The simple answer is put any good concentration spell into it and have your familiar use it, then dismiss the familiar. That way, you get another concentration spell on the field and familiar's concentration can'tbe broken. 

Even without dismissing familiar it's pretty good. You can do the Microwave by yourself with you and familiar both casting during R1. If you can get your hands on one of those awakened potted plants, that works as well. 

You can also cast Find Familiar into it so the whole party has familiars.

Edit: You can also perma loop Find Famliar. Give your familiar the bead, now they have a familiar, etc. 

You can also use the bead to do a 1 action combat cast of Magic Circle which could be quite interesting.

----------


## yisopo

> The simple answer is put any good concentration spell into it and have your familiar use it, then dismiss the familiar. That way, you get another concentration spell on the field and familiar's concentration can'tbe broken.


Do you know if there is some familiar for which it is more difficult to break concentration (without using the dismiss strategy)?

Moreover, which spells do you think are best to buff my wizard from my familiar? It is usually a bad idea for a wizard to buff themself, but maybe here is good?





> Even without dismissing familiar it's pretty good. You can do the Microwave by yourself with you and familiar both casting during R1. If you can get your hands on one of those awakened potted plants, that works as well.


Microwave = Sickening Radiance and Wall of Force?
I didn't get the reference to the awakened potted plants.  :Small Big Grin: 




> You can also cast Find Familiar into it so the whole party has familiars.


Yes, I know, but I think I will skip on this one too.  :Small Smile:

----------


## icedraikon

> Do you know if there is some familiar for which it is more difficult to break concentration (without using the dismiss strategy)?


Unfortunately most familiars (Except Pact of Chain familiars) are like 1-2hp, so they will die to anything. Tankiness can be buffed with temp and additional hp like from Inspiring Leader or Aid, but you will likely have neither
 That said, a flying familiar can cast and start dashing away. Most spells are like 30-150, so if they fly away and get behind cover asap, they're mostly safe unless the enemy goes out of their way to focus the familiar.

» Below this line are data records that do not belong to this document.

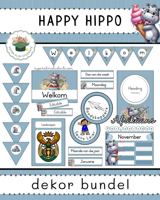 Happy Hippo Theme / Decor Bundle [Choose Language]
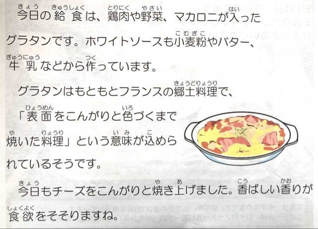 今日は、ミルクパン、チキングラタン、ひよこ豆入り野菜スープ、牛乳です。
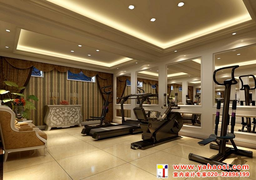 首先,健身房的装修一定要对健身房的功能区域合理划分。健身房的功能区域分为必要功能区域和扩展功能区域。
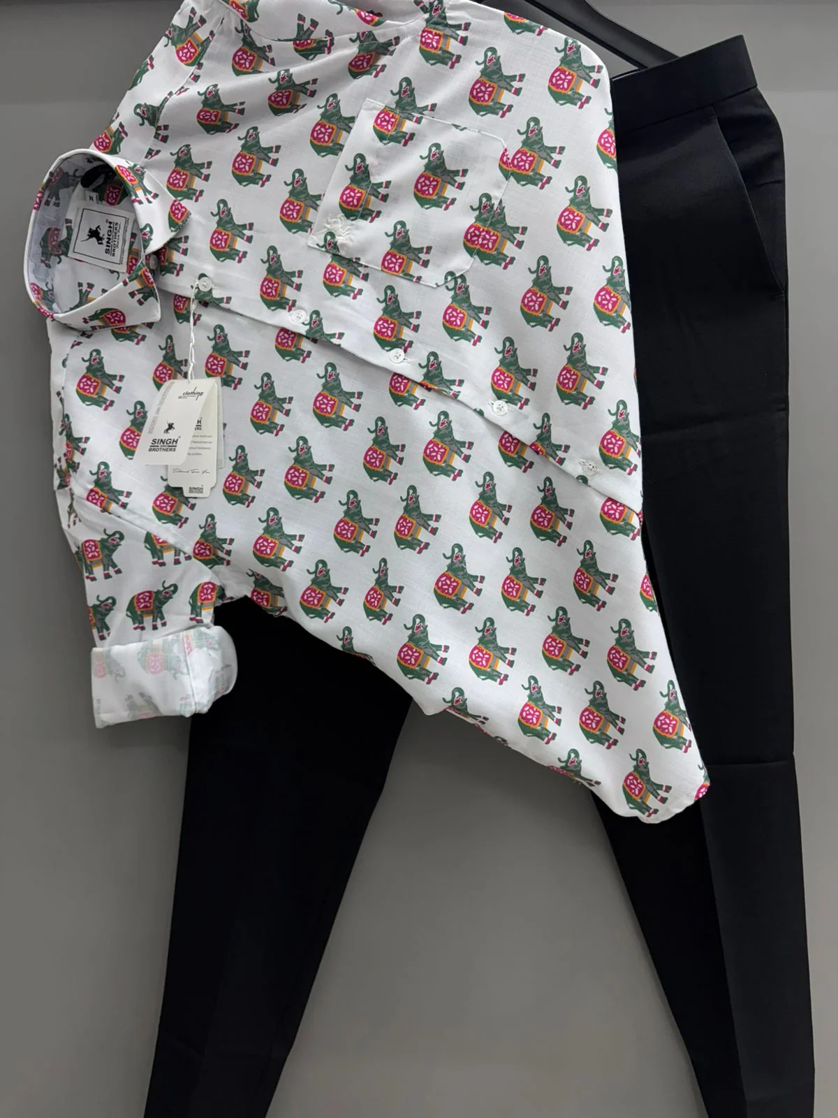 The matching pants are designed to complement the printed shirt perfectly, creating a coordinated and polished appearance. Made from premium fabric, they offer a comfortable fit while maintaining a sharp and refined silhouette. The balanced design ensures the set looks cohesive without feeling overdone.
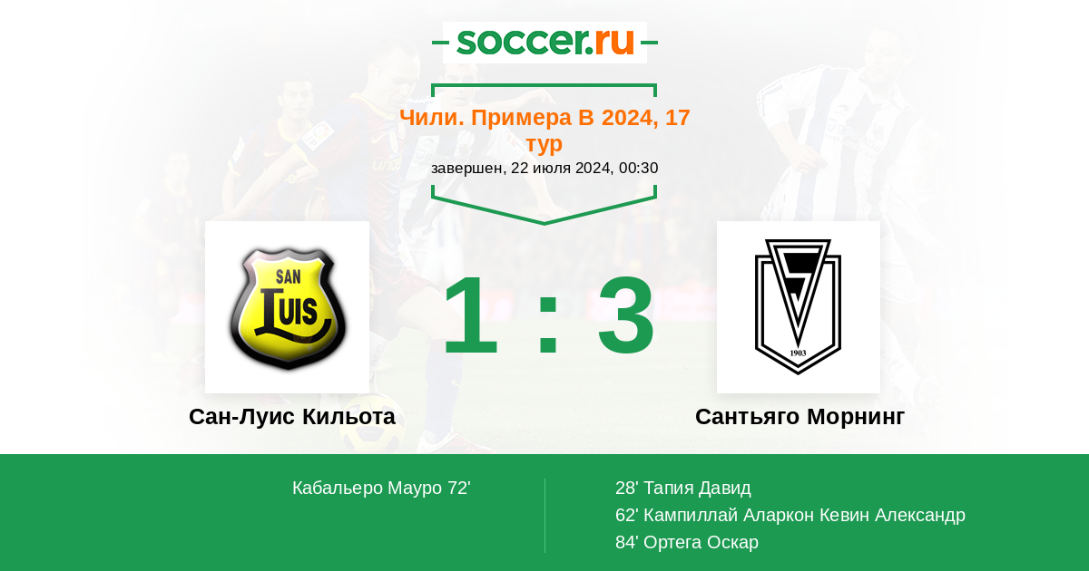 Протокол матча Сан-Луис Кильота против Сантьяго Морнинг
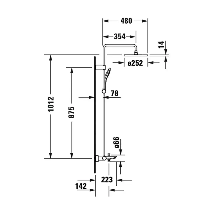 Duravit Wave Душевая система с термостатом, ручной душ с регулировкой высоты, шланг 1600 мм, ручной душ 3 режима, излив 223 мм, цвет: черный матовый
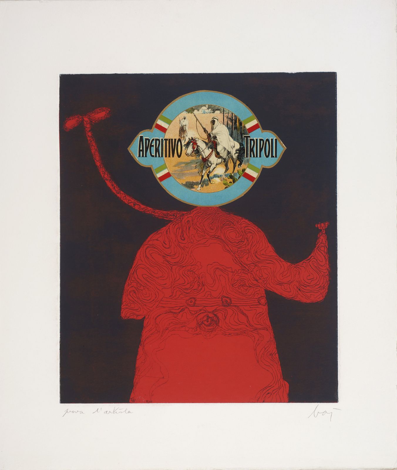 Prova d'artista. Tiratura e firma in basso a matita. Dimensione lastra: 29x24.5 cm. Edizione totale: 60 esemplari numerati da 1 a 60,5 esemplari H.C. numerati da I a V + p.d.a. Pubblicazione: Baj. Catalogo generale delle stampe originali, Electa, Milano, 1986, n. 134 pag. 76. Provenienza: Collezione Lana, Milano. Ringraziamo Roberta Cerini Baj per aver contribuito alla stesura della scheda. Lievi difetti.

> Moreover, which spells do you think are best to buff my wizard from my familiar? It is usually a bad idea for a wizard to buff themself, but maybe here is good?

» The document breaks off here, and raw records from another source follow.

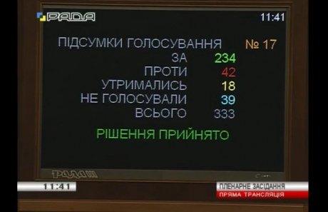 Рішення бприйняли після невеликої перерви, оголошеної спікером ВР Володимиром Гройсманом, після того, як депутати кілька разів провалювали голосування.
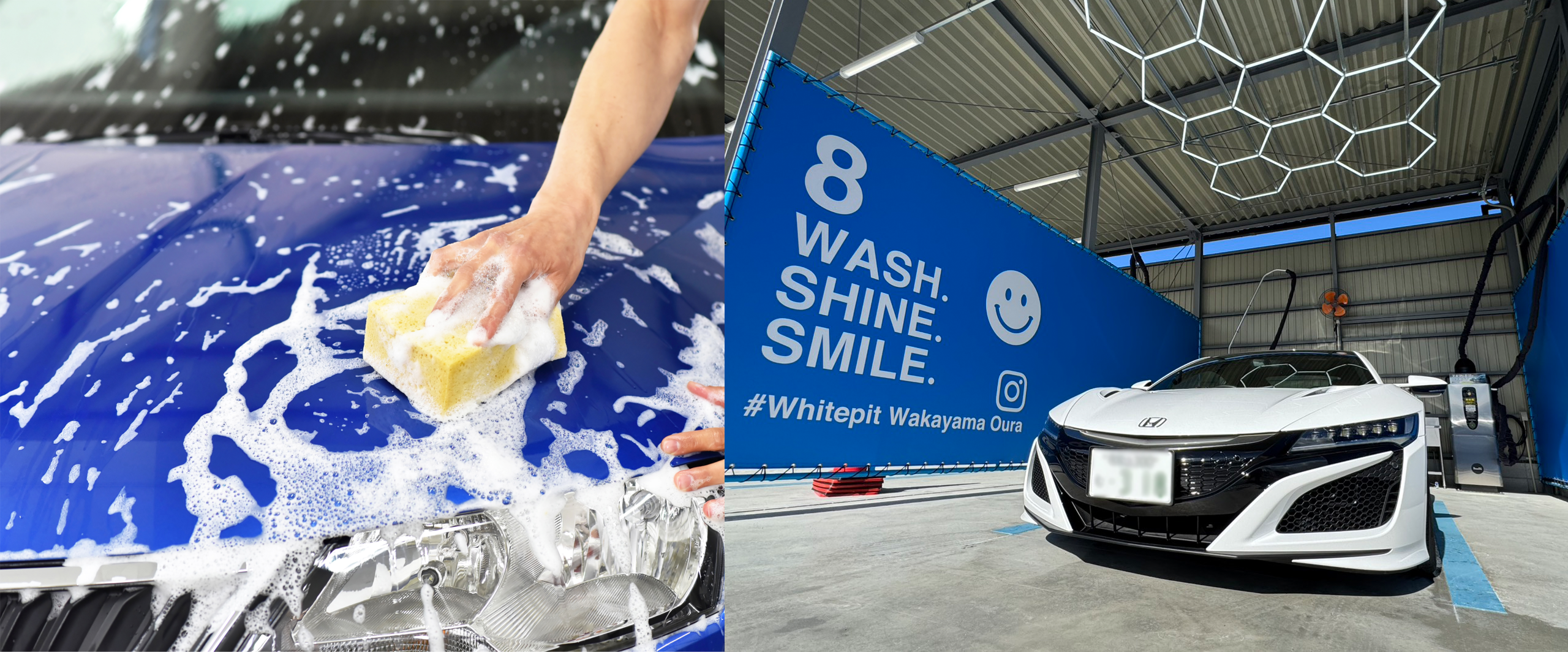 写真が映えるハニカムライト導入により、愛車の艶・ラインがくっきり。洗車後はぜひ撮影もOKです。
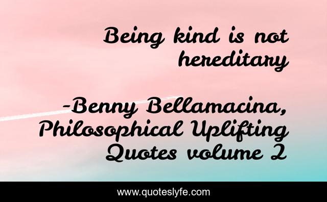 This page presents the quote "Being kind is not hereditary". Author of this quote is Benny Bellamacina, Philosophical Uplifting Quotes volume 2. This quote is about life, peace, love, philosophy, wisdom, kindness, affection,.
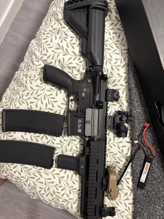Bonjour je vends ma specna prime Hk416 neuve une sortie à ce jour vendu avec sa boîte + batterie lipo 7.4 et deux chargeur plus ressort d’origine et ressort M90 vendu sans viseur et sans poignée valeur en magasin 450€ remise en main propre sur Marseille je répond au 0751656129 négociable dans le raisonnable
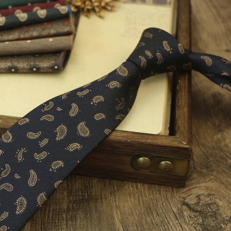 새로운 스타일 넥타이 남자의 복고풍 캐슈 패턴 영국 8cm 공식 원피스 전문 비즈니스 손 다크 브라운 다크 그린스토어 가기
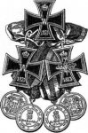 Любопытно, что турецкая Османская Империя – союзница Германии и Австро-Венгрии в Великой войне 1914-1918 годов – ввела для награждения отличившихся на поле брани офицеров и нижних чинов турецкой и союзных с нею армий аналогичную Железному кресту награду - Медаль за отвагу - более известную под неофициальным названием "Железный полумесяц» (в форме красной пятиконечной звезды с наложенным на нее железным полумесяцем рогами вверх и "фетвой» – росписью султана), также считавшуюся весьма почетной. Именно этой турецкой боевой наградой в форме красной пятиконечной звезды был награжден знаменосец "Окровавленного знамени» НСДАП эсэсовец Якоб Гриммингер (что дало Григорию Климову, а вслед за ним - и нашим отечественным любителям "перепевов» климовской "Красной каббалы» повод утверждать, будто "большевики, нацисты и масоны делали одно общее дело»).
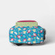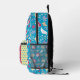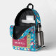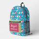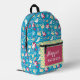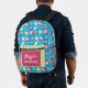 Dieser niedliche, blaue Rucksack weist ein hübsches weißes Muster mit bunten, gelben Schmetterlingen, Herzen mit weißen Bändern, hübschen rosa Blume und gelben Tasse auf einem fröhlich blauen Hintergrund auf. Personalisieren Sie Ihre Daten mit Ihrem Namen und einer anderen Beschreibungszeile.
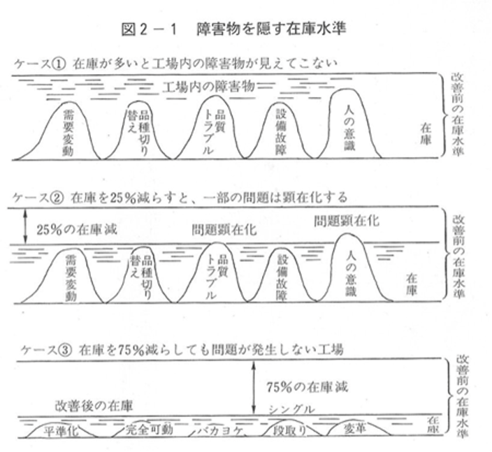 在庫水準が下がっていくと、各ムダ要素から発生する問題が顔を出してきます。この問題を解消しながら在庫水準を下げていきます。
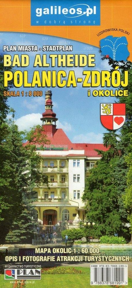 Kolejne wydanie planu Polanicy-Zdroju obejmującego swym większą część miasta. Duża skala pozwala odczytać z planu wszystkie szczegóły niezbędne dla każdego turysty. Na rewersie zawarto bogaty opis turystyczny w języku polskim i niemieckim najważniejszych atrakcji w mieście i okolicy wraz ze zdjęciami. Dodatkowo na rewersie znajduje się mapa okolic Polanic-Zdrój w skali 1:60 000 z zaznaczonymi najważniejszymi atrakcjami wraz z planem Szczelińca Wielkiego. Format: 48 x 68 cm Skala: 1:8000 (plan), 1:60 000 (okolica)Egzemplarze powystawowe - mogą zawierać zbite rogi, rozdarcia, przybrudzenia, rysy.
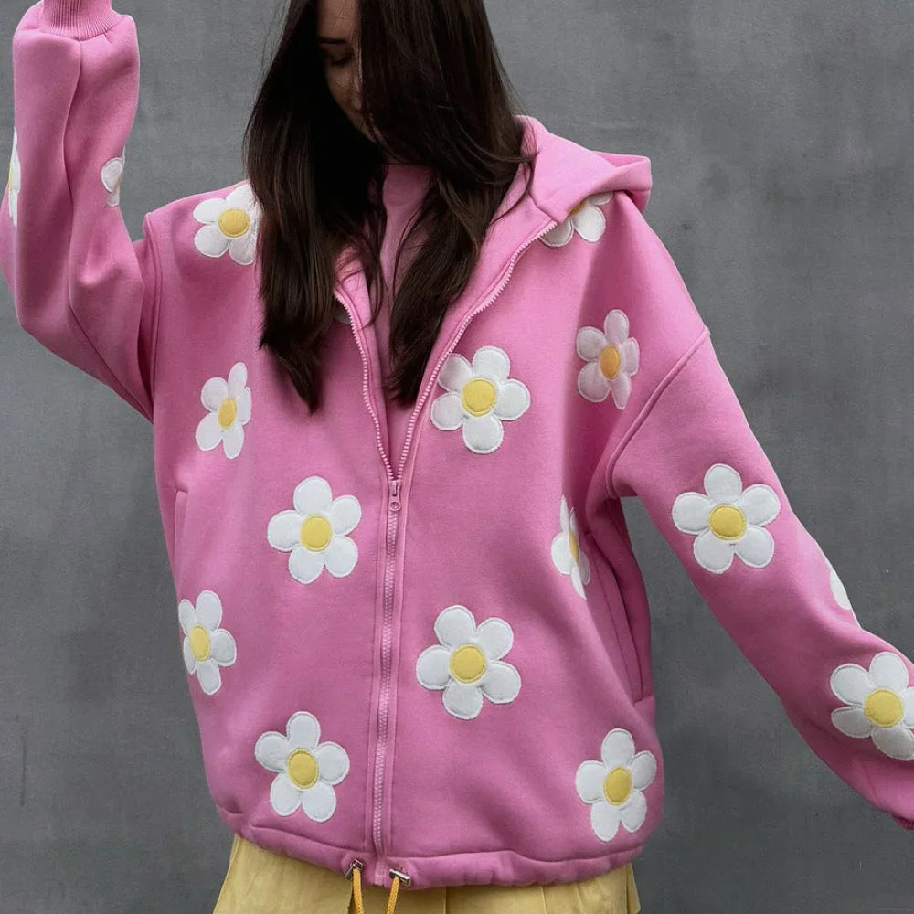 Oversized hættetrøje med lynlås og blomsterapplikation

Buffing self is not usually ideal. Even if you wanted a buff, most of those spells (Mirror Image, Blur, Blink, Fire Shield) are range self, so in those situations you would cast the buff spell on yourself and your familiar would cast a big concentration spell. (Notable exceptions to this are: Fly, Greater Invisibility, Invisibility, Spider Climb, Stoneskin, Polymorph). I think the best option here (for buffing yourself) is Greater Invisibility since many many effects require the enemy to see the target, so by the familiar casting Greater Invis on you, you can much better protect your concentration. Familiar casting Polymorph on you is also valid, so you will not have to make Con saves every time you get hit (assuming you will be frontlining when polymorphed). Frontlining even with Poly is not ideal, but it works.




> Microwave = Sickening Radiance and Wall of Force?


Yes, that is the microwave. It is worth noting that since Wall of Force is 5th lvl, you will need to cast it, and familiar will need to cast Sickening Radiance via bead. Forcecage also works. 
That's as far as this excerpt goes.